The `.gitattributes` file is a simple text file that gives attributes to pathnames. Each line in the `.gitattributes` file is a pattern followed by an attribute specification. It's placed in the root directory of a repository or in any subdirectory (the latter being useful for applying attributes to only a subset of the repository). The file is committed into the repository and versioned like any other file.

In our case, the `.gitattributes` file contains the following lines:

```properties
*.ipynb filter=nbstripout
*.zpln filter=nbstripout
*.ipynb diff=ipynb
* text=auto eol=lf
```

Here's what each line does:

- `*.ipynb filter=nbstripout` and `*.zpln filter=nbstripout`: These lines tell Git to use the `nbstripout` filter for files ending in `.ipynb` and `.zpln`. `nbstripout` is a tool that strips output from Jupyter notebooks. This is useful because it allows you to commit only the code changes in your notebooks, not the output. This can make your commits cleaner and easier to understand.

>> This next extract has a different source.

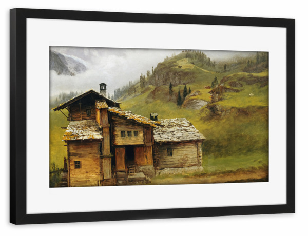 Poster mit Rahmen schwarz "Berghaus von Albert Bierstadt" artboxONE - Architektur,Für Mama,Für Papa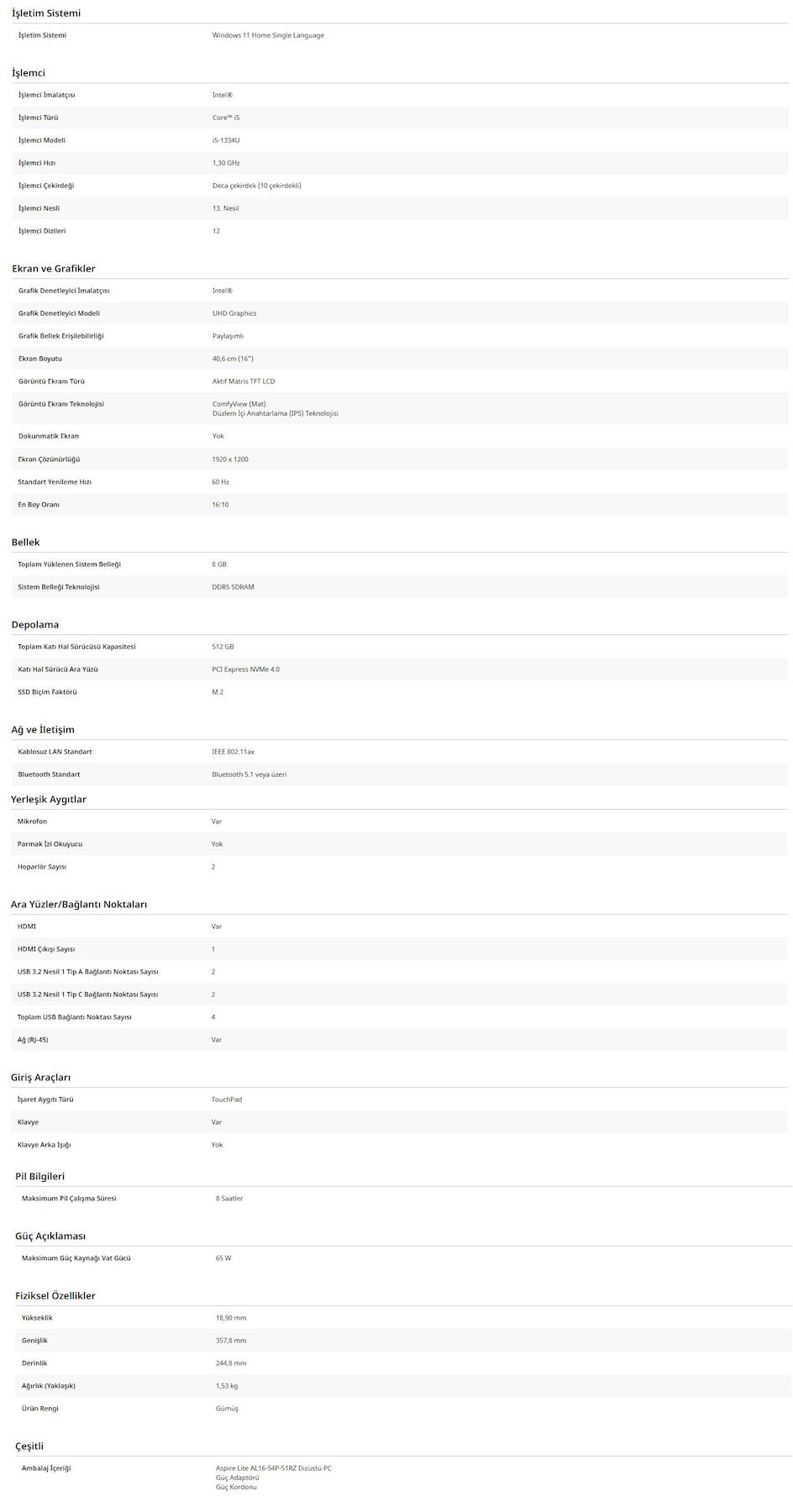 Acer Aspire Lite AL16-54P-51RZ i5-1334U 8GB DDR5 512GB SSD 16" FHD Windows11 Home

- `*.ipynb diff=ipynb`: This line tells Git to use the `ipynb` diff tool when comparing changes in `.ipynb` files. This can make diffs of Jupyter notebooks more meaningful, as it understands the structure of notebook files.

- `* text=auto eol=lf`: This line tells Git to normalize all text files to use LF (Unix-style) line endings. This can help prevent issues with line endings differing between Windows and Unix systems, making your code more consistent and easier to work with across different platforms.

In summary, the `.gitattributes` file in this repository is used to improve the handling of Jupyter notebooks and line endings in Git.